PROVIDED DATA START

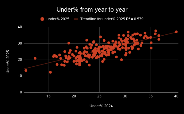 That’s a .25 r^2 exactly. Now, while this is all well and good, as we established earlier, BABIP is a weird stat that only barely matters from year to year. Despite the commonly cited “career norms” point, it doesn’t have all that much to do with a player’s BABIP the following year. So let’s look at how sticky under% is:
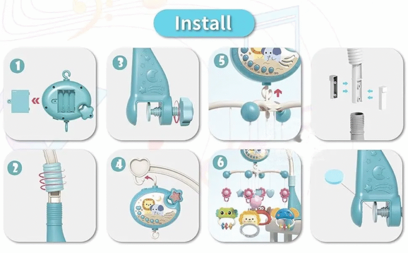 Five detachable rattles shaped like adorable animals rotate slowly to attract your baby’s attention. Each rattle can also be used as a handheld toy, improving visual tracking, grasping ability, and early sensory recognition.
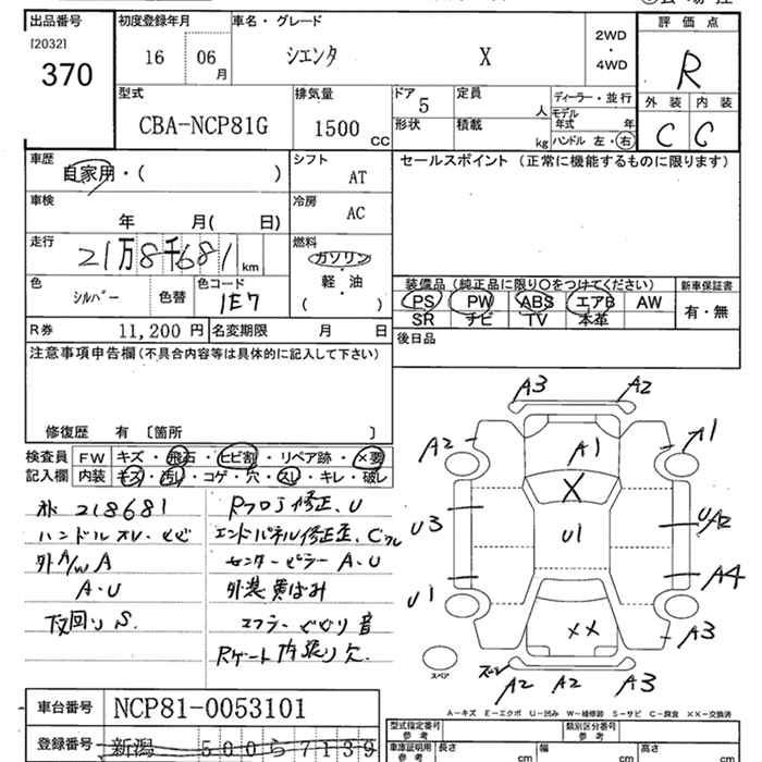 TOYOTA SIENTA X - лот 370
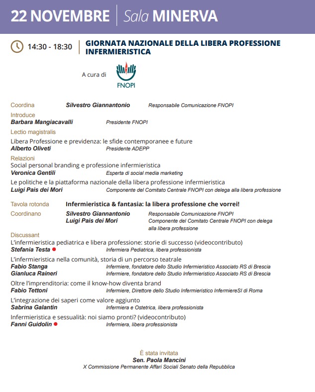 Si segnala l’evento “18° Forum Risk Management – La sfida della Sanità pubblica” che si terrà ad Arezzo dal 21 al 24 novembre 2023 ed in particolarela Giornata Nazionale della Libera Professione Infermieristica, inserita nell’evento, nel pomeriggio del 22 novembre dalle 14.30 alle 18.30 presso la Sala Minerva del Centro Congressi.Si rimanda al sito ufficiale del Forum www.forumriskmanagement.it per le iscrizioni individuali e per la consultazione del programma complessivo della manifestazione.
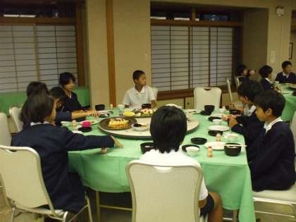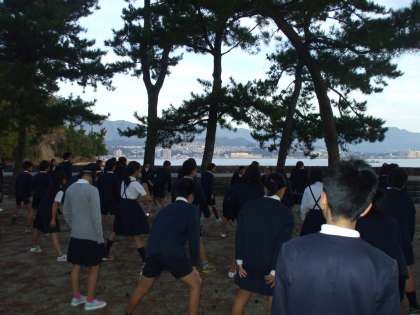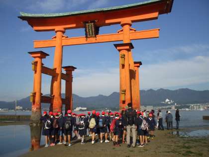 10月16日(木)の朝は、気温11度。とても寒く感じました。体操の後、前日の夕食と同じテーブルで朝食をとりました。そして、もう一つの世界遺産である厳島神社に向かいます。画像は、神社に入る前に、潮が引いていたので、みんなで鳥居まで歩いていきました。
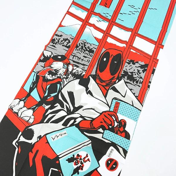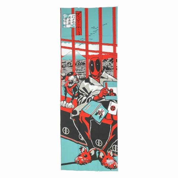 浮世絵や家紋などを連想させる、和風のモチーフに、コミックスのヒーロー達がマッチした、洒落たデザインの手ぬぐいです!紅色の格子が印象的な窓からは遠くに富士山と鳥の群れ。窓辺にはホームウエアでリラックスするデッドプール。その横にはドッグプールの姿も!タペストリーとしても◎

PROVIDED DATA END

__WORK REQUIRED__:
Nothing but the pictures may be dropped as you repeat the listing above exactly.

__WRITTEN ANSWER__:
 That’s a .25 r^2 exactly. Now, while this is all well and good, as we established earlier, BABIP is a weird stat that only barely matters from year to year. Despite the commonly cited “career norms” point, it doesn’t have all that much to do with a player’s BABIP the following year. So let’s look at how sticky under% is:
 Five detachable rattles shaped like adorable animals rotate slowly to attract your baby’s attention. Each rattle can also be used as a handheld toy, improving visual tracking, grasping ability, and early sensory recognition.
 TOYOTA SIENTA X - лот 370
 Si segnala l’evento “18° Forum Risk Management – La sfida della Sanità pubblica” che si terrà ad Arezzo dal 21 al 24 novembre 2023 ed in particolarela Giornata Nazionale della Libera Professione Infermieristica, inserita nell’evento, nel pomeriggio del 22 novembre dalle 14.30 alle 18.30 presso la Sala Minerva del Centro Congressi.Si rimanda al sito ufficiale del Forum www.forumriskmanagement.it per le iscrizioni individuali e per la consultazione del programma complessivo della manifestazione.
 10月16日(木)の朝は、気温11度。とても寒く感じました。体操の後、前日の夕食と同じテーブルで朝食をとりました。そして、もう一つの世界遺産である厳島神社に向かいます。画像は、神社に入る前に、潮が引いていたので、みんなで鳥居まで歩いていきました。
 浮世絵や家紋などを連想させる、和風のモチーフに、コミックスのヒーロー達がマッチした、洒落たデザインの手ぬぐいです!紅色の格子が印象的な窓からは遠くに富士山と鳥の群れ。窓辺にはホームウエアでリラックスするデッドプール。その横にはドッグプールの姿も!タペストリーとしても◎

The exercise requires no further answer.